When she comes to him in his dreams, she is ever accompanied by the rain. The scent of her in his every breath, as close as her kisses and her body had once been. As different to him now as the smells he encounters every day, of sweat and blood and the gods-damned countryside he roamed with his fellow slaves, making the Roman dogs pay for their crimes. Every soul he sends to the afterlife is for her, every slave-trader, every whore-master, every Roman who ever put shackle to neck or wrist or foot, payment for Naevia. Payment for the one who had wept for him.

In turn, those masters weep too, as the chattel they thought so loyal strip their villas of any riches they find and escape into the countryside. The point of Crixus' sword convince most to pronounce them free. The tears flow more freely when they realize mere words would not spare them. And like any slaver, they still seek to buy him. Silver. Gold. Women. Villa. Status. Some their wives and children. All things that could be taken as easily as they were given. Crixus knows this all too well, and tells them so. Mercy, they cry. Mercy.

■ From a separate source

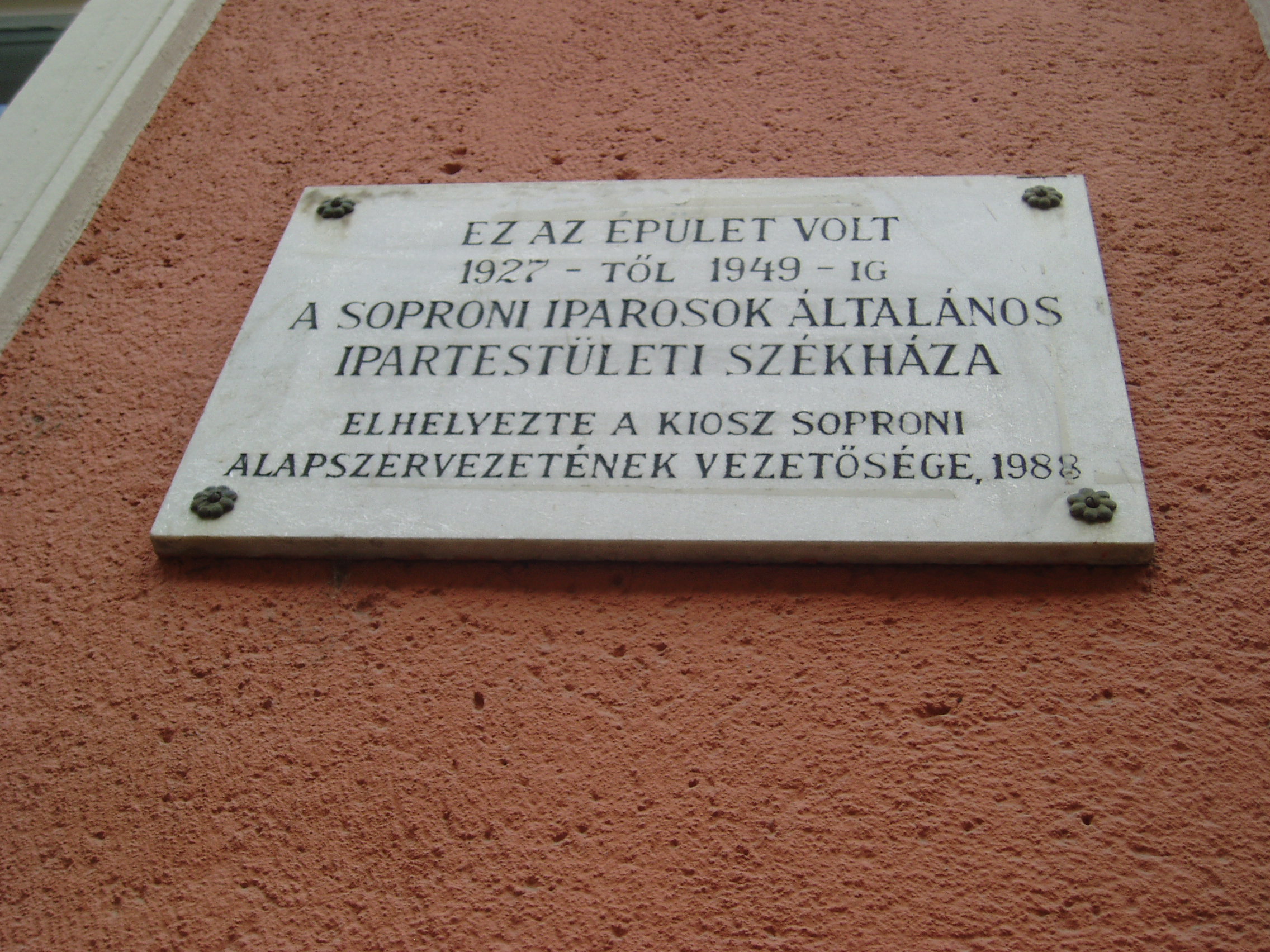 Nyilvános 1013 | 1351 | Sopron, Szent György utca 20. | Ezen a helyen már az Árpád korban lakóház állt, maradványait az épület pincéje rejti, rajtuk két középkori kút található. 1927 és 1949 között ez volt a soproni iparosok Általános Ipartestületének székháza, emeletén a hétablakos nagyteremmel. A kép 2008 júniusában készült. Felh. irod.: Czellár Katalin: Sopron. 3. jav. kiad. Bp. Panoráma, 2000 |

But tears no longer move Crixus. Since he had spilled his own and tasted Naevia's, none ever would.

They march during the day, their slave army growing by the score. Small numbers of slaves who heard of Spartacus' fight for freedom and were willing to accept the threat of death. For what was slavery, but to die every morning you awoke to the whims of a master? Arrogant masters thought themselves protected at night by those they subjugated, but during the day, drove and abused as beasts. And so they attack during those hours when masters are least at their guard, their servants at the gates they open to Crixus' army.

Crixus asks them of Naevia, searching for her in the face of every body slave, every whore they free. He knows the lot of a whore, knows – fears - the fate of a woman in bondage. He remembers with shame the feeling that your body is not your own. Nor that of your loved ones. They are of a mind, these women and men, all quite ready to give him what information they can: a woman with bronze skin in servitude at a local Merchant's house; the marking on the shoulder once seen at a whorehouse at the edge of the market.

But none are were her. None held the softness of rain in their eyes.

At night, they hide in villas, in the fields, in arbors of cypress and myrtle. Some leave in the darkness with whatever riches they find, others sneaking into their ranks to join their cause. Many staying to fight, fueled by their own desires, for vengeance or blood or riches, he does not know.

In dreams, he does not care. In dreams, she comes to him, tears and rain on her face, mingling with his own. Naevia would merely lie beside him sometimes, content to hold him in her delicate arms, tracing his scars with her fingertips as she always did. Sometimes she appears to him as she had the last time, eyes locked with his, his soul dragged away through the ludus gates with her.

Each day he searches but does not find, he cursed himself. Each day, he drives himself and his men to search and plunder, kill and destroy. Each day he feels his hatred grow a little more.

Each night he prays to the gods to feel the rain in his dreams.